'Salfram' Email Campaign Spreads Malware to Businesses
A recently uncovered malicious email campaign is delivering to businesses multiple types of malware, including a Trojan designed to steal banking credentials and other financial information, according to a research report from Cisco Talos.
The campaign uses a crypter that's designed to alter the malicious code to make it more difficult for security tools to detect. The threat actors behind this campaign are taking advantage of legitimate hosting platforms, such as Google Drive, to obscure malicious files designed to deliver malware to compromised devices.
The analysts called it Salfram.
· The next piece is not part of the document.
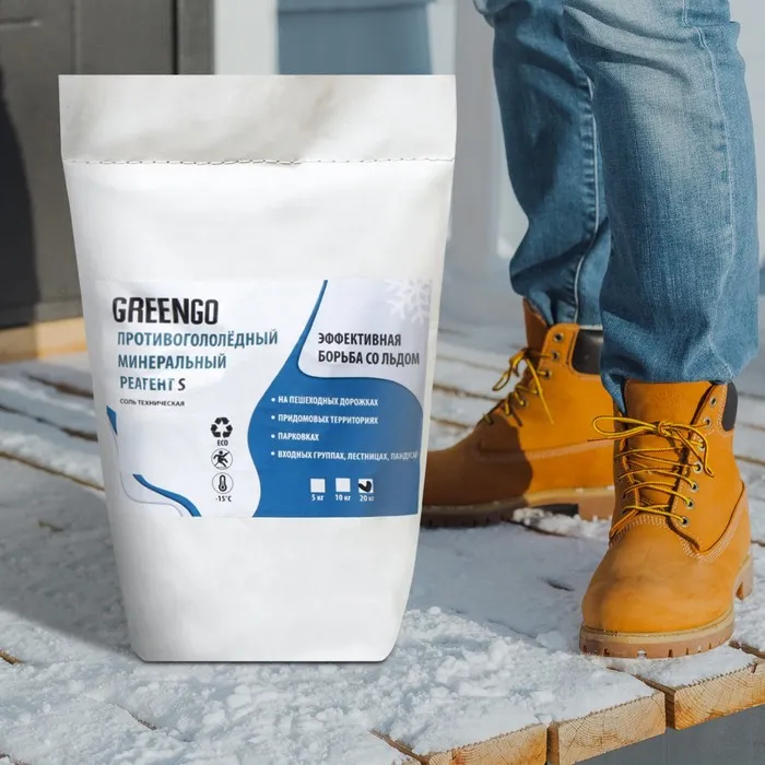 Реагент противогололёдный, соль техническая, 20 кг, работает при – 15 °C, в мешке, Greengo — Характеристики

In this campaign all malware variants contained the same string value in the code which enabled the researchers to track the attacks.
The emails are used to deliver several types of malware, including Gozi ISFB, ZLoader, SmokeLoader, Oski, and AveMaria. It also includes Trojans designed to steal banking credentials.
The threat actors initially target organizations by leveraging the contact forms that are typically present on websites.
In their initial emails submitted via those forms, the threat actors raise concerns about copyright violations related to certain images posted on the victim organization's website. The attackers then embed a URL within this message and urge the targeted victim to click on it.
When the victim clicks this link, they are directed to a malicious Microsoft Word document that is hosted on Google Drive. When opened, this document enables macros that then download the malware to the compromised device.
The web platform that is used for hosting malicious content may provide another way for the attacker to evade various protections.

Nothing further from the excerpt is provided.